Voice Assistant with Gemini AI

This is a personal voice assistant built with Python. It leverages Google's Gemini AI for content generation and a variety of libraries to handle speech recognition, text-to-speech, and web Browse commands.

Features

Voice Recognition: Understands and processes spoken commands.
AI-powered Content Generation: Utilizes the Gemini API to generate creative and informative text.
Text-to-Speech: Responds to your commands with a voice.
Time & Date: Provides the current time and date upon request.
Web Browser Integration: Opens specified websites like YouTube and GitHub with simple voice commands.

Prerequisites

Before you run the assistant, you need to have Python installed on your system. This project was developed and tested on Python 3.x.
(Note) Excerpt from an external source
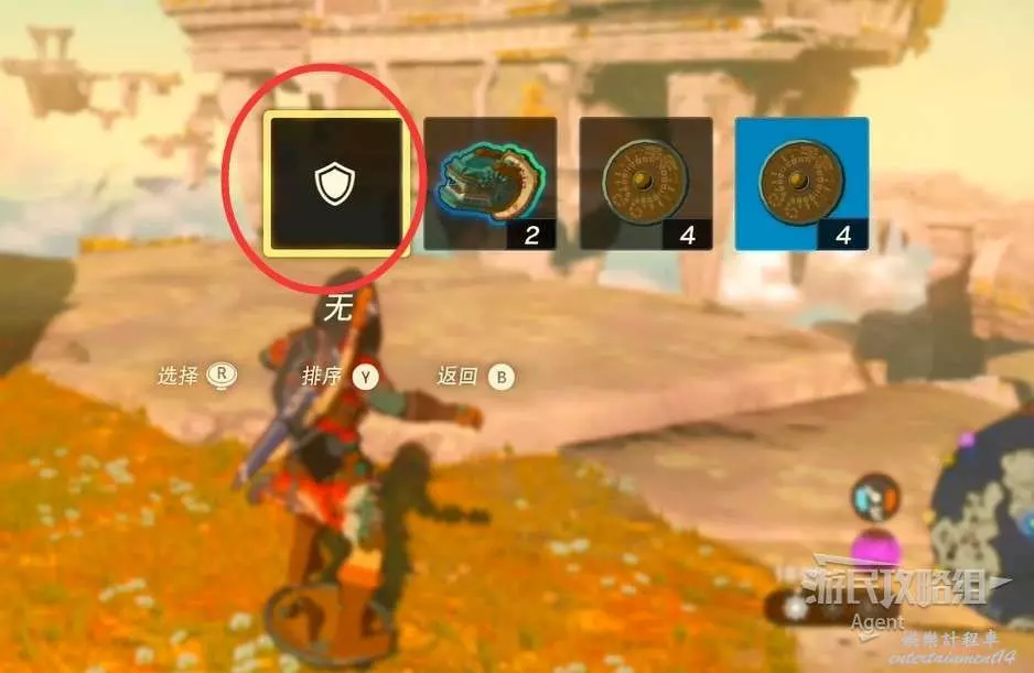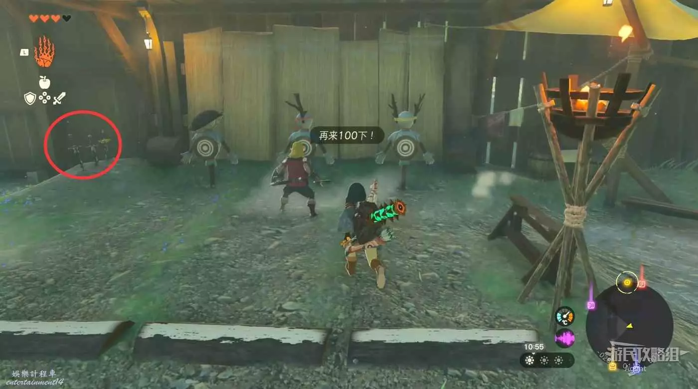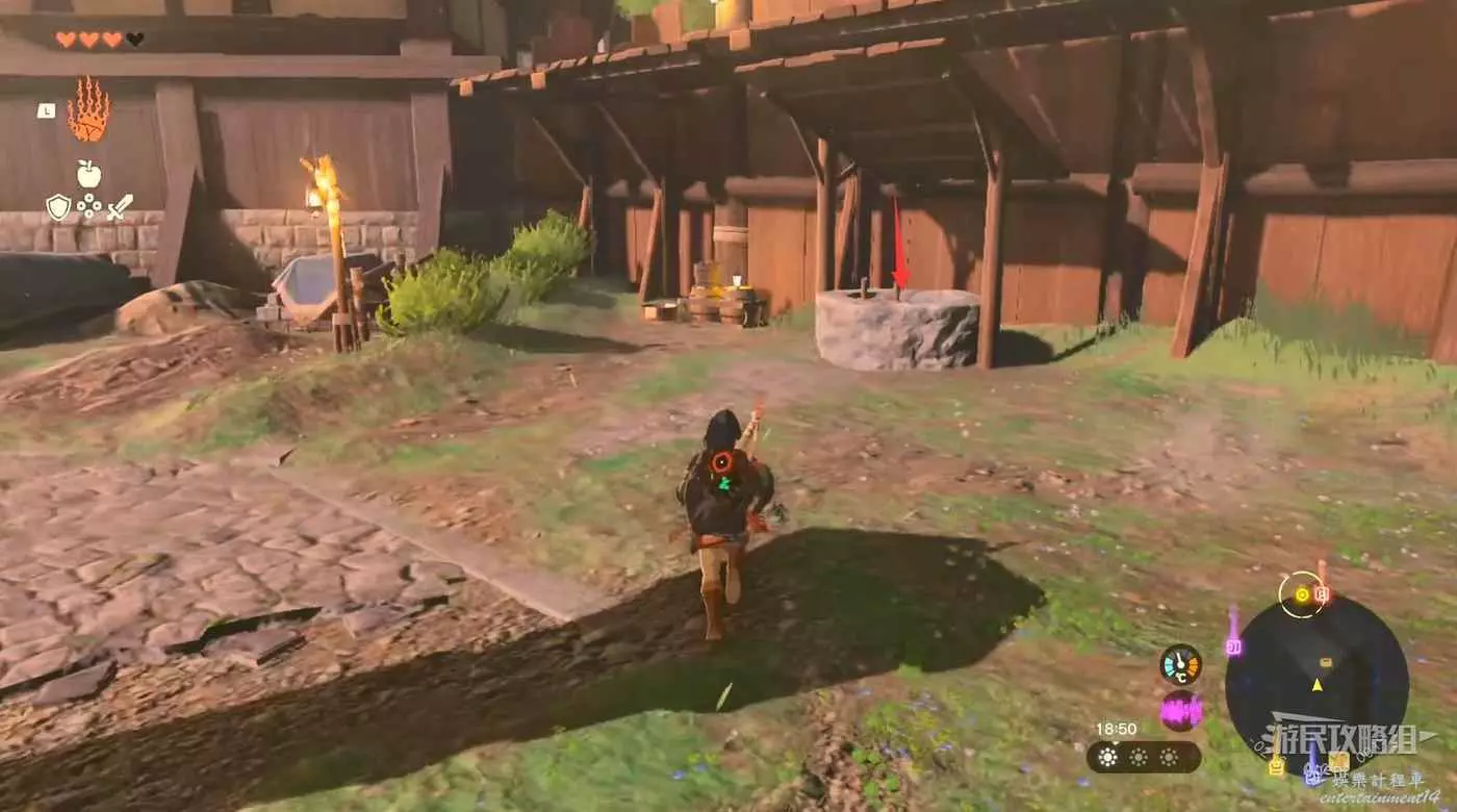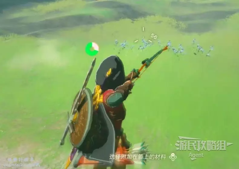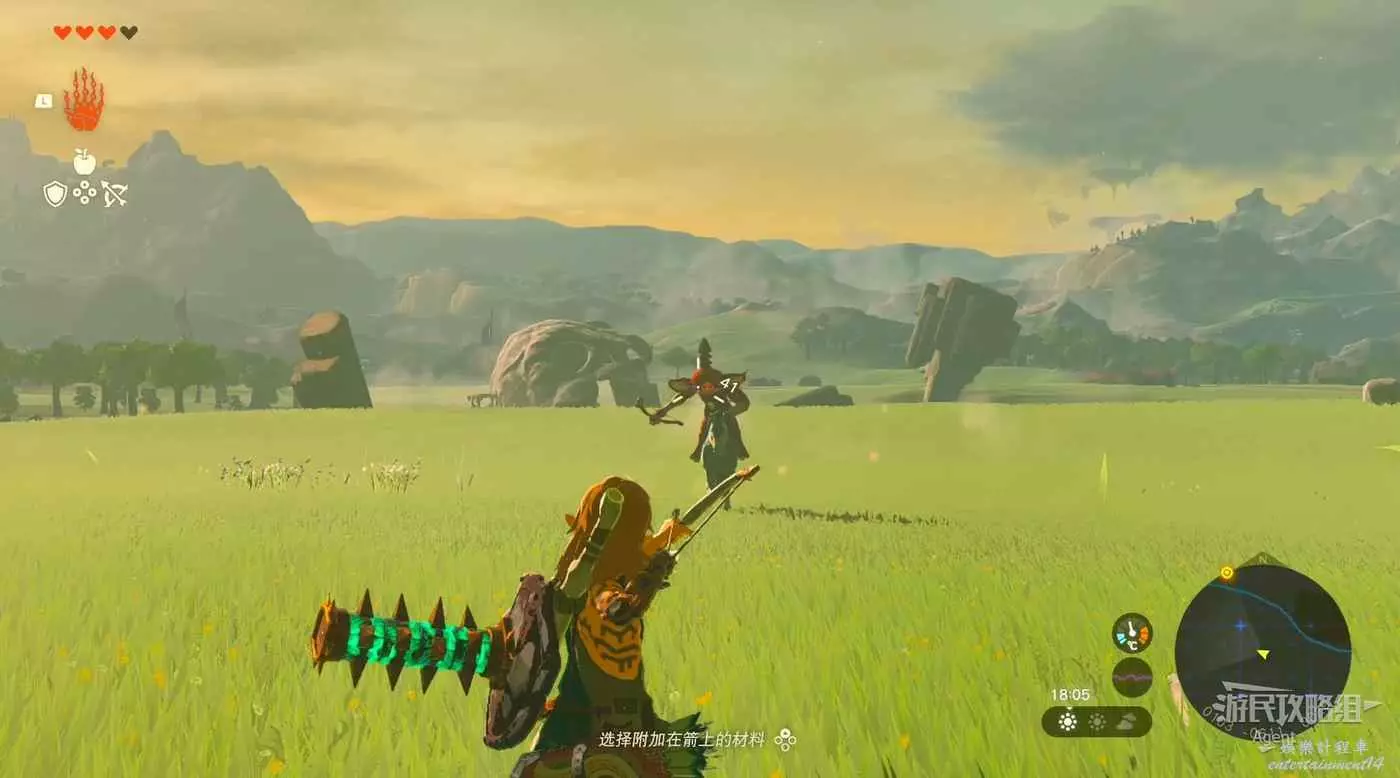 經過右邊水池拿到火焰果和弓,拉弓瞄準時,長按“十字鍵上”選擇附加材料,可以把材料附加到箭上,使箭矢具備特殊效果。

All required libraries are listed in the requirements.txt file. You can install them all with a single command.

pip install -r requirements.txt

Note: For the PyAudio library, you might need to install additional system-level dependencies depending on your operating system. For more information, please refer to the official PyAudio documentation.

Gemini API Key

This project requires a Google Gemini API key to generate AI content.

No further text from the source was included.